→ **What you are asked to do**
Please output the following records exactly. Leave every image out.

....

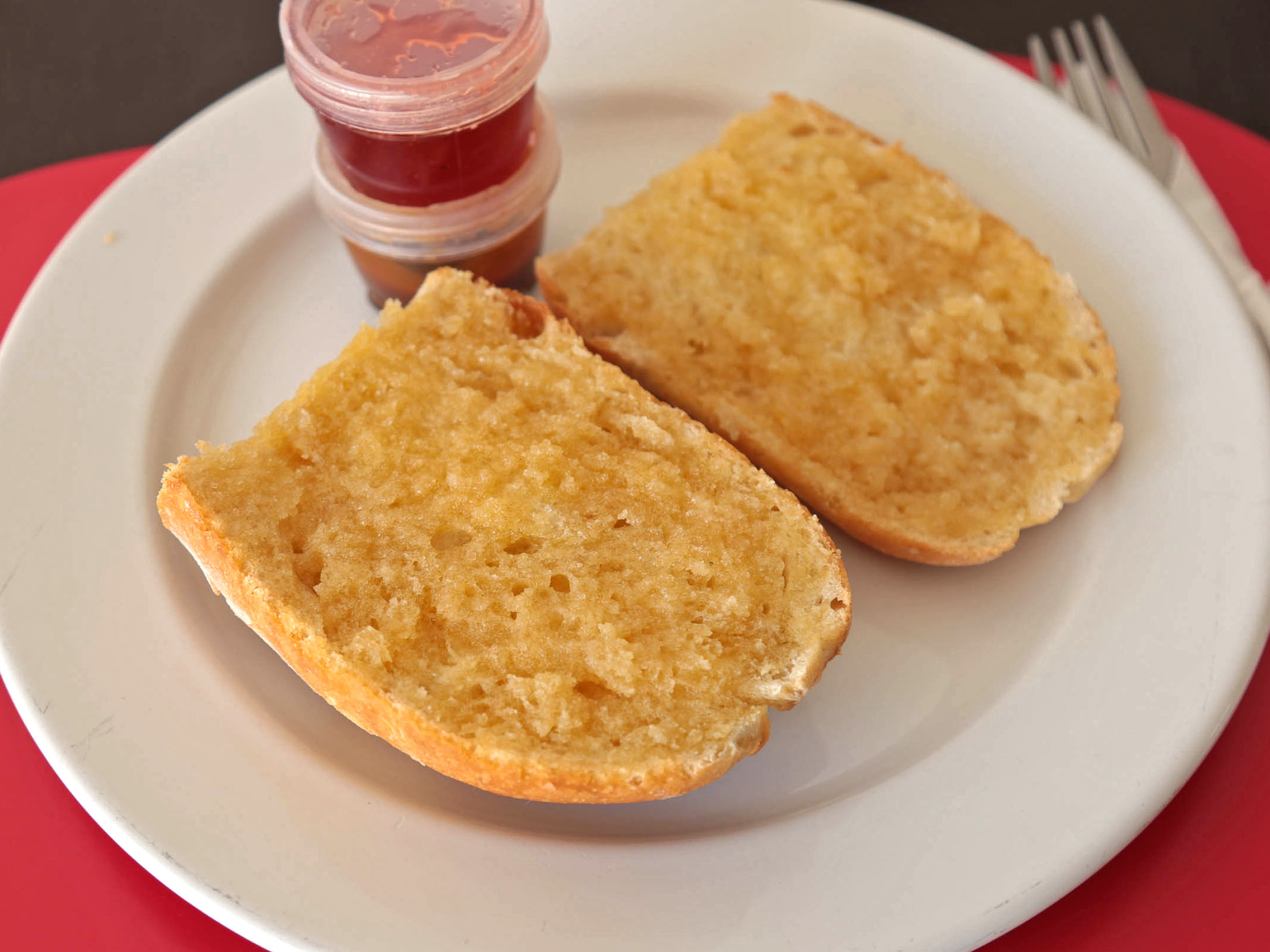 2 pz. (1 bolillo partido a la mitad ) con mantequilla y azucar, crujientes
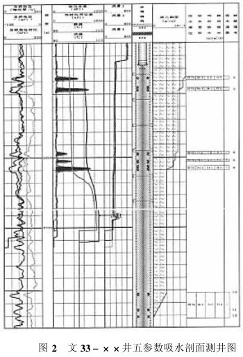 例(lì)如:圖2是(shì)文33-xx井五(wǔ)參數吸(xī)水剖面(miàn)測井圖(tú),測井在(zài)2690m遇阻,第(di)10、11、12号層未(wèi)測出,但(dàn)經電磁(ci)流量計(ji)測井曲(qǔ)線顯示(shi),這3個遇(yù)阻層吸(xī)水,絕對(duì)吸水量(liang)爲74.6m3/d,相對(dui)吸水量(liàng)爲41.2%。
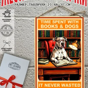 Крутые собаки табличка металлическая «время, проведенное с книгами и собаками, никогда не пропадало даром» — это не просто декор, это произведение искусства, которое станет ярким акцентом в вашем интерьере.
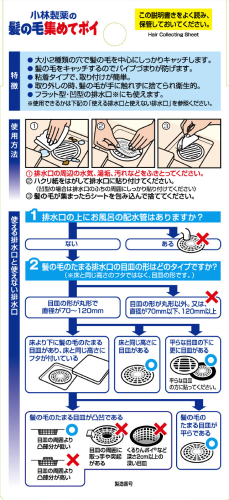 ●大小2種類の穴で髪の毛を中心でしっかりキャッチ●髪の毛をキャッチするのでパイプづまりが防げます●粘着タイプで取り付けが簡単●取り外しの時、髪の毛が手に触れずに捨てられるので衛生的です
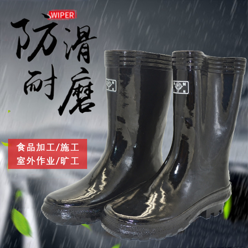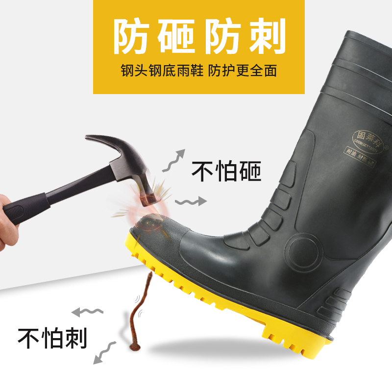 Shanghai Cards Rain Boots Coal Mine Workers Anti-Smashing Ladle Head Bull Gluten Bottom Water Shoes Men High Cylinder Non-slip Labour Shoes Acid Resistant Alkalis
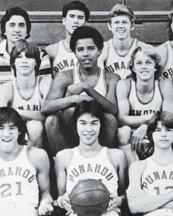 1977年奧巴馬(第二行中)與中學籃球隊隊員合照,他最愛打籃球。美聯社
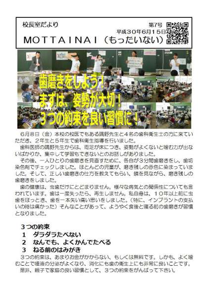 本日、校長室だより「もったいない」第7号を配布します。配布文書一覧か太字をクリックしていただくと鮮明な文書をご覧いただけます。
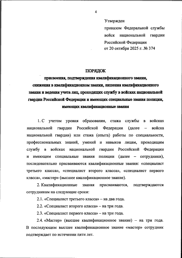 ПРИКАЗ Росгвардии от 20.10.2025 N 374
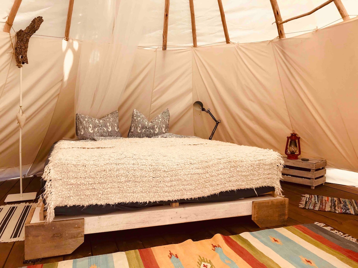 Unser wunderschönes Tipi, Durchm. 5 m, steht auf einem Holzdeck mit freiem Blick Richtung Sonnenuntergang. Das Bett mit der hochwertigen Matratze und die unglaublich gute Luft im Tipi lässt einen wunderbar schlafen..Ein antiker Schreibtisch, Kerzen und das Ambiente im Tipi schaffen einen romantische Atmosphäre . Die Naturtoilette und Aussendusche stehen in der Nähe. Wir verwenden Star-Link 💫 ☕️ Frühstück im Angebot, sep. buchbar siehe info ☕️ Breakfast (opt.,bookable sep.– see details
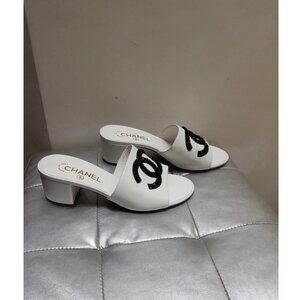 Chanel Black and White Calf Leather Sandals Sequin CC Logos Heel Block Classic
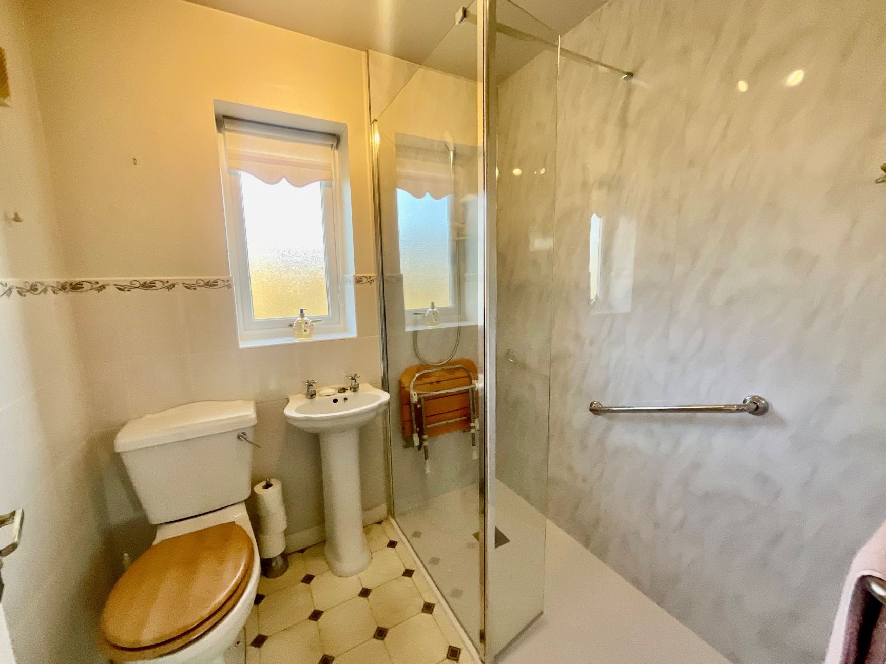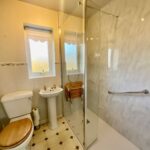 The family bathroom is fitted with a modern three-piece suite in white, featuring a wash hand basin and low flush WC and work in shower.
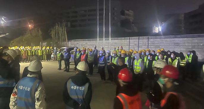 11月28日凌晨,中国十七冶集团陕西分公司汉中市“两院一中心”项目星夜集结,前往汉山广场搭建隔离帐篷。
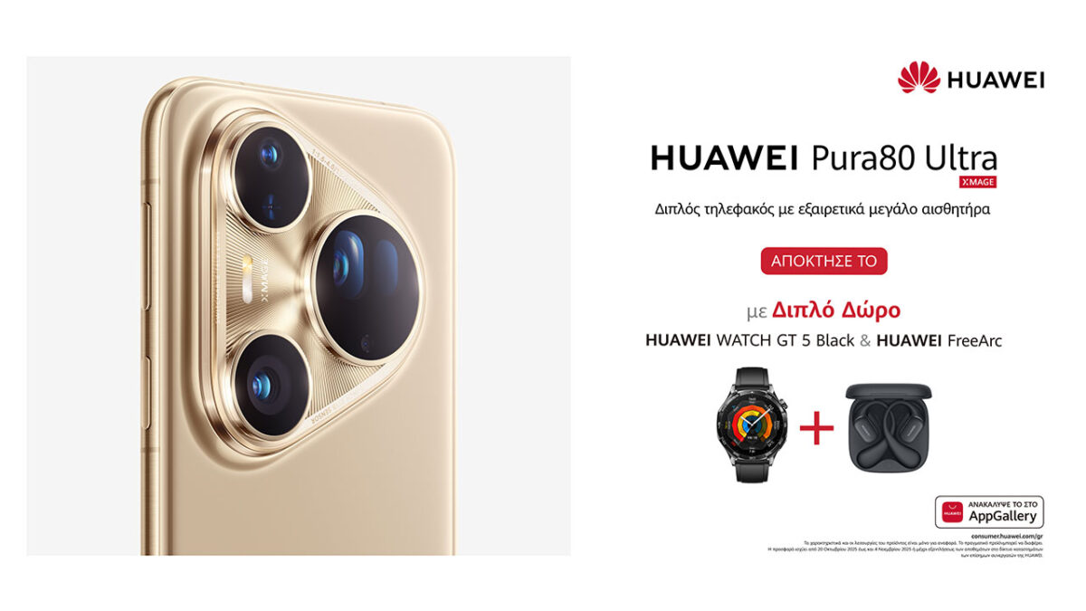 Με κάθε αγορά HUAWEI Pura 80 Pro ή HUAWEI Pura 80 Ultra, οι καταναλωτές λαμβάνουν διπλό δώρο, το smartwatch HUAWEI WATCH GT 5 Black και τα HUAWEI FreeArc ακουστικά. Η προσφορά ισχύει έως τις 4 Νοεμβρίου ή μέχρι εξαντλήσεως των αποθεμάτων.
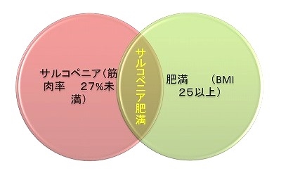 サルコペニア肥満は「筋肉減少(サルコペニア)+体脂肪増加(肥満)」の状態のことを言います。
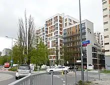 While most of Służewiec neighbourhood is covered by office buildings, a comparably small portion of the neighbourhood consists of the multifamily residential apartment buildings, mostly located at the perimeters of the office zones.[6] The neighbourhood is inhabited by a few thousand people, in contrast to estimated 80 to 100 thousand people commuting to the area every day for work.[5][6]
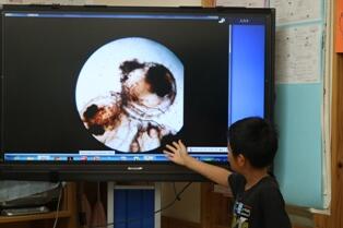 た。大型テレビ・パソコンを使って、調理実習の様子や5年生が育ててい
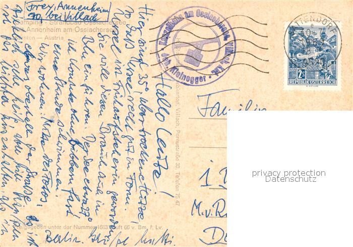 73304329 alte Postkarte Annenheim Ossiacher See Campingplatz Strandbad Fliegeraufnahme postalisch gelaufen Erhaltung siehe scans [FriedD77] KatCode: 11390
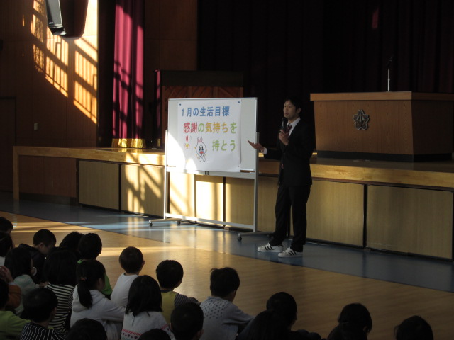 次に、1月の生活目標について、担当の先生からお話がありました。1月の生活目標は「感謝の気持ちを持とう。」です。1月は給食感謝週間もあります。自分たちの生活を支えてくれる色々な方々へ感謝の気持ちを持って、一日一日を大切に過ごしてほしいです。

....

→ **Solution to this exercise**
 2 pz. (1 bolillo partido a la mitad ) con mantequilla y azucar, crujientes
 例(lì)如:圖2是(shì)文33-xx井五(wǔ)參數吸(xī)水剖面(miàn)測井圖(tú),測井在(zài)2690m遇阻,第(di)10、11、12号層未(wèi)測出,但(dàn)經電磁(ci)流量計(ji)測井曲(qǔ)線顯示(shi),這3個遇(yù)阻層吸(xī)水,絕對(duì)吸水量(liang)爲74.6m3/d,相對(dui)吸水量(liàng)爲41.2%。
 Крутые собаки табличка металлическая «время, проведенное с книгами и собаками, никогда не пропадало даром» — это не просто декор, это произведение искусства, которое станет ярким акцентом в вашем интерьере.
 ●大小2種類の穴で髪の毛を中心でしっかりキャッチ●髪の毛をキャッチするのでパイプづまりが防げます●粘着タイプで取り付けが簡単●取り外しの時、髪の毛が手に触れずに捨てられるので衛生的です
 Shanghai Cards Rain Boots Coal Mine Workers Anti-Smashing Ladle Head Bull Gluten Bottom Water Shoes Men High Cylinder Non-slip Labour Shoes Acid Resistant Alkalis
 1977年奧巴馬(第二行中)與中學籃球隊隊員合照,他最愛打籃球。美聯社
 本日、校長室だより「もったいない」第7号を配布します。配布文書一覧か太字をクリックしていただくと鮮明な文書をご覧いただけます。
 ПРИКАЗ Росгвардии от 20.10.2025 N 374
 Unser wunderschönes Tipi, Durchm. 5 m, steht auf einem Holzdeck mit freiem Blick Richtung Sonnenuntergang. Das Bett mit der hochwertigen Matratze und die unglaublich gute Luft im Tipi lässt einen wunderbar schlafen..Ein antiker Schreibtisch, Kerzen und das Ambiente im Tipi schaffen einen romantische Atmosphäre . Die Naturtoilette und Aussendusche stehen in der Nähe. Wir verwenden Star-Link 💫 ☕️ Frühstück im Angebot, sep. buchbar siehe info ☕️ Breakfast (opt.,bookable sep.– see details
 Chanel Black and White Calf Leather Sandals Sequin CC Logos Heel Block Classic
 The family bathroom is fitted with a modern three-piece suite in white, featuring a wash hand basin and low flush WC and work in shower.
 11月28日凌晨,中国十七冶集团陕西分公司汉中市“两院一中心”项目星夜集结,前往汉山广场搭建隔离帐篷。
 Με κάθε αγορά HUAWEI Pura 80 Pro ή HUAWEI Pura 80 Ultra, οι καταναλωτές λαμβάνουν διπλό δώρο, το smartwatch HUAWEI WATCH GT 5 Black και τα HUAWEI FreeArc ακουστικά. Η προσφορά ισχύει έως τις 4 Νοεμβρίου ή μέχρι εξαντλήσεως των αποθεμάτων.
 サルコペニア肥満は「筋肉減少(サルコペニア)+体脂肪増加(肥満)」の状態のことを言います。
 While most of Służewiec neighbourhood is covered by office buildings, a comparably small portion of the neighbourhood consists of the multifamily residential apartment buildings, mostly located at the perimeters of the office zones.[6] The neighbourhood is inhabited by a few thousand people, in contrast to estimated 80 to 100 thousand people commuting to the area every day for work.[5][6]
 た。大型テレビ・パソコンを使って、調理実習の様子や5年生が育ててい
 73304329 alte Postkarte Annenheim Ossiacher See Campingplatz Strandbad Fliegeraufnahme postalisch gelaufen Erhaltung siehe scans [FriedD77] KatCode: 11390
 次に、1月の生活目標について、担当の先生からお話がありました。1月の生活目標は「感謝の気持ちを持とう。」です。1月は給食感謝週間もあります。自分たちの生活を支えてくれる色々な方々へ感謝の気持ちを持って、一日一日を大切に過ごしてほしいです。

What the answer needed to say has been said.